A aprendizagem mediada muda completamente o paradigma para a educação, um paradigma onde a concepção de inteligência em si é redefinida e construída, passando a ser um elemento muito mais entendido do que simplesmente narrado, como faziam os testes de QI. (Kozulin & Presseisen, 1992 e Kozulin, 2000)

Para Feuerstein, assim como para Vygotsky, a aprendizagem mediada ou a relação com o outro durante o processo de desenvolvimento (que acontece ao longo da vida) é intrínseco da raça humana. “A exposição direta aos estímulos é fundamental para o desenvolvimento cognitivo, mas a interação mediatizada, isto é, a própria cultura, é que permite o acesso a funções cognitivas superiores.” (Fonseca, 1998, p. 62).

Baseada em pressupostos de desenvolvimento humano, aprendizagem e inteligência já apresentados, Feuerstein elabora entre, 1950 e 1963, a Teoria da Experiência de Aprendizagem Mediada (EAM). Feuerstein e Feuerstein (1994) definem brevemente a Experiência de Aprendizagem Mediada (EAM) através de um prisma sociológico, onde a EAM caracteriza-se pela interação do organismo com o seu entorno, por meio de um mediador humano. Mas a teoria não inclui todas as interações. Ela diz respeito às experiências que influenciam propensões individuais à aprendizagem. Uma qualidade de interação que ajude o indivíduo à modificabilidade pela exposição ao estímulo, visando um melhor uso de suas funções cognitivas e uma melhor adaptação às exigências do meio. (Feuerstein e Feuerstein, S, 1994, p. 3).

Dessa interação e, a partir dela, aparece uma característica essencial da cognição humana, que está baseada em formas de interiorização do que pareceu originalmente ser ou pertencer às interações sociais. Gestos internalizados, sejam esses verbais ou não

verbais, tornam-se símbolos relevantes, cujos sentidos são compartilhados por um grupo de pessoas. (Kozulin & Presseisen, 1992, p. 9)

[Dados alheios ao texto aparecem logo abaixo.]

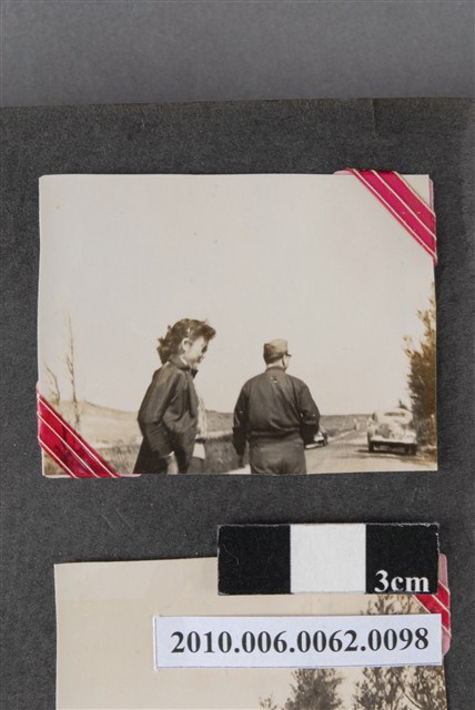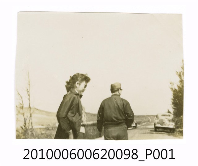 1.本物件為黑白照片,畫面為一男一女走路的照片,他們走在一條馬路上,路旁有一些停著的車輛及樹木。
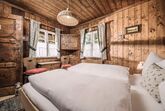 Diese Berghütte am Pillberg vereint den Luxus modernen Wohnens mit traditionellen Elementen. Der großzügige Eingangsbereich bietet ausreichend Platz für die Garderobe und führt euch weiter ins Innere. Hier findet ihr das gemütliche Schlafzimmer mit Doppelbett, TV und viel Stauraum.
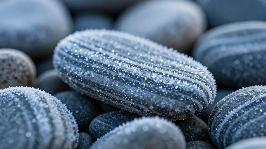 Rough pebbles are delicately covered in crystalline frost, illuminated by soft, diffused light from a winter morning, creating a serene and ethereal glow. The shallow depth of field blurs the background, focusing attention on the intricate textures and cool tones of the frost and pebbles.
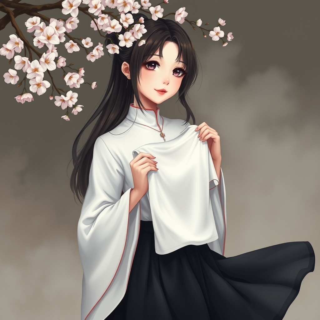 A serene anime girl in an elegant white ensemble holds a Japanese t-shirt delicately, complemented by a flowing black skirt. Her presence exudes the charm of traditional Chinese painting, blending romantic fantasy with the richness of oil paintings. Dark bronze and gray tones accentuate the composition, as cherry blossoms gently cascade around her. Her face, serene and contemplative, is rendered with photo-realistic techniques, capturing a harmonious fusion of styles and cultures.
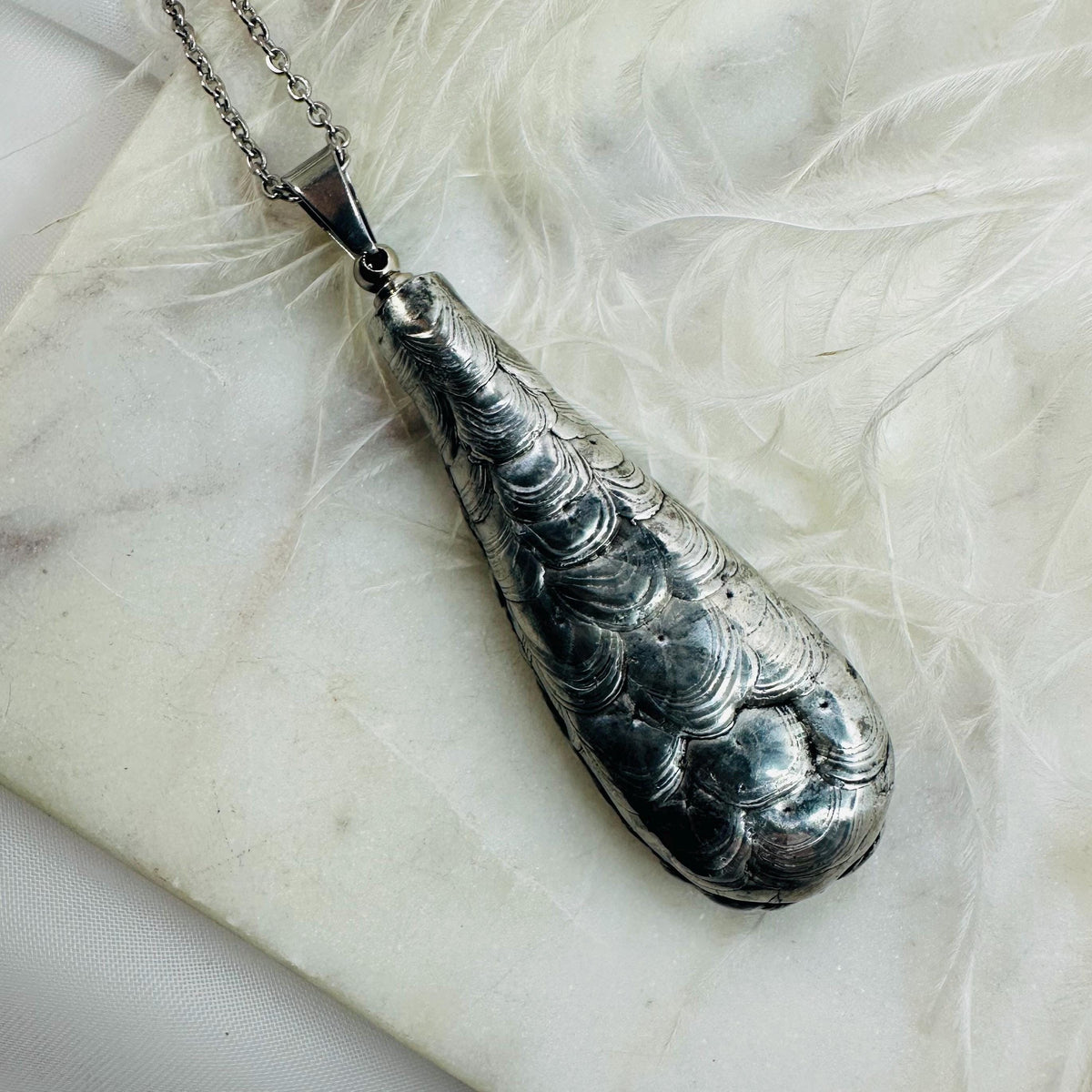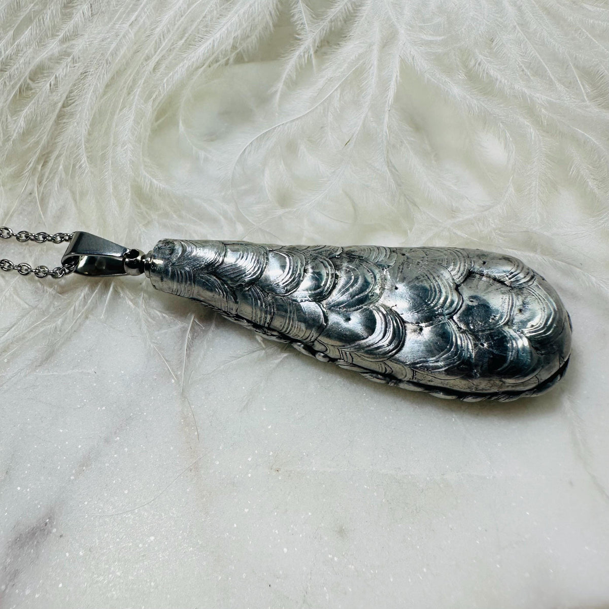 The pendant is made with a silver mixture of tin and copper, melted then dripped, creating natural formations. The metal is then hand painted and oxidized, giving the once bright silver finish, a rustic, aged look.

A EAM é para Feuerstein o elemento que determina, ou melhor, que predispõe as diferenças do desenvolvimento cognitivo, pois é ela que interfere diretamente no desenvolvimento, melhorando o desempenho do organismo nas suas futuras interações autônomas com o seu meio. “O desenvolvimento cognitivo, assim como a manifestação da aprendizagem, são efeitos de um tipo muito específico de interação humana por excelência” (Gomes, 2002; p. 73)

Para Feuerstein, segundo Fonseca (1989; 1995), a aprendizagem e o desenvolvimento caminham associadamente, visto que a boa aprendizagem proporciona o desenvolvimento, e um organismo em desenvolvimento, tem maiores propensões a beneficiar-se, de forma autônoma, dos estímulos do meio. Dessa forma, quanto mais cedo e mais exposição à EAM for possível, mais modificabilidade ocorrerá, mais o indivíduo ficará capacitado para aprender por estimulação direta, visto que a autonomia é a meta dessa estratégia de intervenção. Para Fonseca (1994), a EAM é a forma mais eficiente de se desenvolver uma pessoa autônoma, capaz de interferir no seu próprio processo de aprendizagem.

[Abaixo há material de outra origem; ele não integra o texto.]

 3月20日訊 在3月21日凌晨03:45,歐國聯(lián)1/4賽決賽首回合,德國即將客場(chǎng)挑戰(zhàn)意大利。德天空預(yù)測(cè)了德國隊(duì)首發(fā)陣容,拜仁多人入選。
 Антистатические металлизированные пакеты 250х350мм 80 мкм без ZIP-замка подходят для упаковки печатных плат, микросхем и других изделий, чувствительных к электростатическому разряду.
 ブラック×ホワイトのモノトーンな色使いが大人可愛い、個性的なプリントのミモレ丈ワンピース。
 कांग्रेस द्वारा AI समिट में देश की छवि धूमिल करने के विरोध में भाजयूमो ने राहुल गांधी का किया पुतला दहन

Para alguns autores, (Cruz, 2006; Beyer, 1996; Fonseca, 1998; e, Fonseca & Cunha 2003), a Teoria da Experiência de Aprendizagem Mediada (EAM) vem preencher as lacunas de Piaget, que não previa a importância do papel do mediador humano para a aprendizagem e desenvolvimento, e de Vygotsky que, por falta de tempo, não sistematizou uma ação concreta para este mediador em sua teoria. Em busca da estruturação da ação interventiva, Feuerstein elabora os critérios mediacionais, que funcionam como orientadores da EAM.